Parathyroid Carcinoma

Parathyroid carcinoma is a rare cancer that develops in one of the four tiny parathyroid glands in your neck. These glands sit behind your thyroid and control calcium levels in your blood. This cancer makes up less than 1% of all cases of overactive parathyroid glands.

When a parathyroid gland becomes cancerous, it produces too much parathyroid hormone, or PTH. This hormone tells your bones to release calcium into your blood. The result is extremely high calcium levels that can damage your kidneys, bones, and heart. Most people are diagnosed between ages 40 and 60.

Unlike benign parathyroid tumors, parathyroid carcinoma grows slowly but can spread to nearby tissues and other organs. Early detection matters because treatment works best before the cancer spreads. Blood tests that measure PTH and calcium levels are the first step in diagnosis.

• Severe fatigue and muscle weakness that interferes with daily activities
• A lump or mass you can feel in your neck
• Kidney stones that come back repeatedly
• Bone pain, especially in your back and legs
• Broken bones from minor injuries or no injury at all
• Extreme thirst and urinating much more than usual
• Nausea, vomiting, and loss of appetite
• Constipation that does not respond to usual remedies
• Confusion, memory problems, or depression
• Hoarse voice or difficulty swallowing

Most people with parathyroid carcinoma have noticeable symptoms because calcium and PTH levels are extremely high. Symptoms are usually more severe than those seen with benign parathyroid problems.

Doctors do not know exactly what causes parathyroid carcinoma. Most cases happen without any clear reason. Some people inherit genetic changes that increase risk, including mutations in the CDC73 gene. This gene mutation can run in families and cause a condition called hyperparathyroidism jaw tumor syndrome.

Previous radiation treatment to your head or neck may raise your risk slightly. People with chronic kidney disease who develop overactive parathyroid glands over many years might also have slightly higher risk. Unlike many cancers, parathyroid carcinoma does not appear linked to smoking, diet, or lifestyle factors. The condition affects men and women equally.

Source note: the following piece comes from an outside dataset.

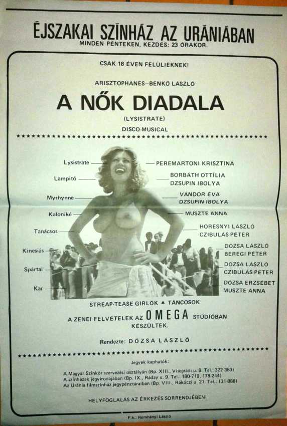 Benkő László (zene): A nők diadala c. disco-musical plakátja 1985-ből. Méret: 29 x 41 cm

Diagnosis starts with blood tests that measure calcium and parathyroid hormone levels. People with parathyroid carcinoma typically have PTH levels 5 to 10 times higher than normal, along with very high calcium levels. Rite Aid offers PTH testing as an add-on to help you monitor these important markers.

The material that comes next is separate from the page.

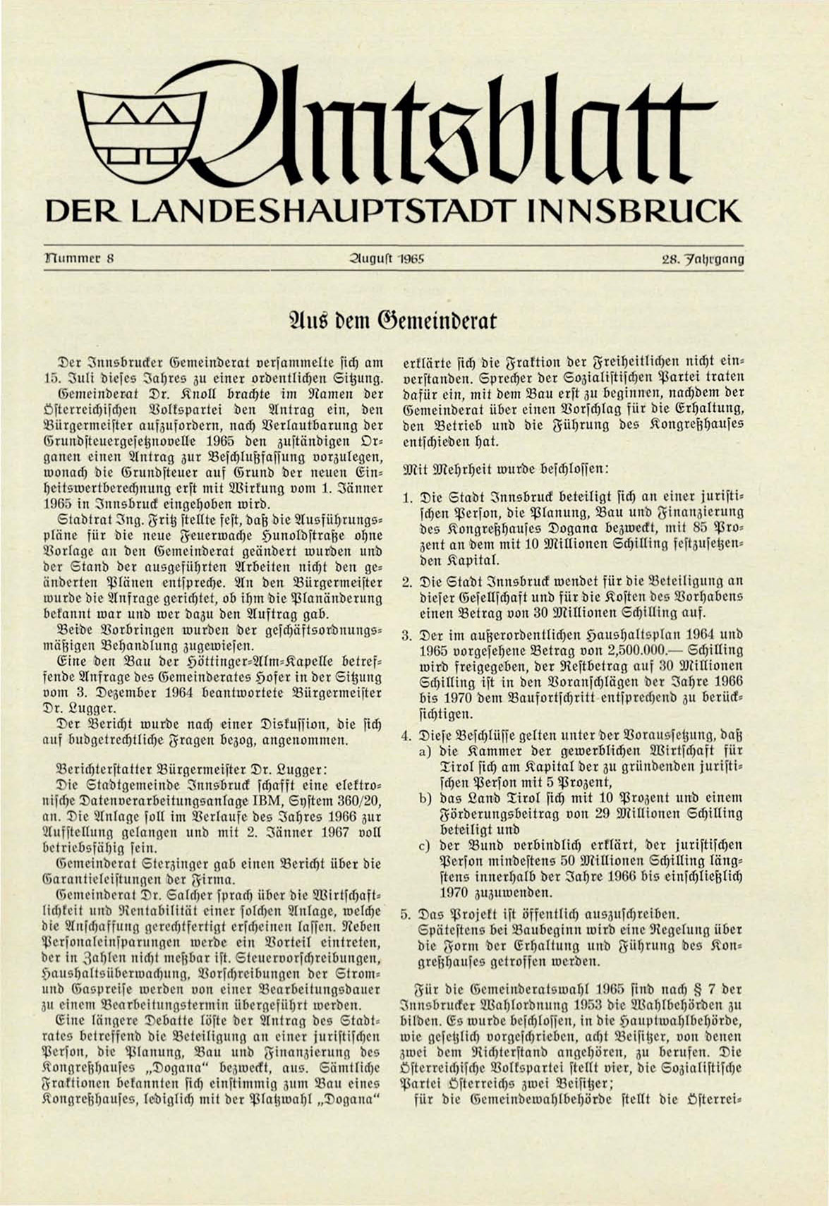 1965 in Innsbruck eingehoben wird.

Your doctor will also order imaging tests like ultrasound or CT scans to look at your parathyroid glands. A visible neck mass is common with this cancer. The final diagnosis usually requires surgery to remove the tumor and examine it under a microscope. Sometimes doctors cannot tell if a parathyroid tumor is cancer until after surgery when they can study the tissue closely.

• Surgery to remove the tumor, affected parathyroid gland, and sometimes nearby tissues like part of the thyroid gland
• Medications to lower calcium levels, including bisphosphonates and calcimimetics
• Drinking plenty of water to protect your kidneys and help flush out excess calcium
• Limiting dietary calcium during active disease, though this should be done under medical guidance
• Regular monitoring with blood tests to check calcium and PTH levels every 3 to 6 months
• Radiation therapy if the cancer has spread or cannot be fully removed
• Chemotherapy in rare cases when cancer spreads to distant organs

Surgery offers the best chance for cure and should be done by an experienced surgeon. Even after successful surgery, you need lifelong monitoring because this cancer can come back years later. Work closely with an endocrinologist who specializes in parathyroid disorders.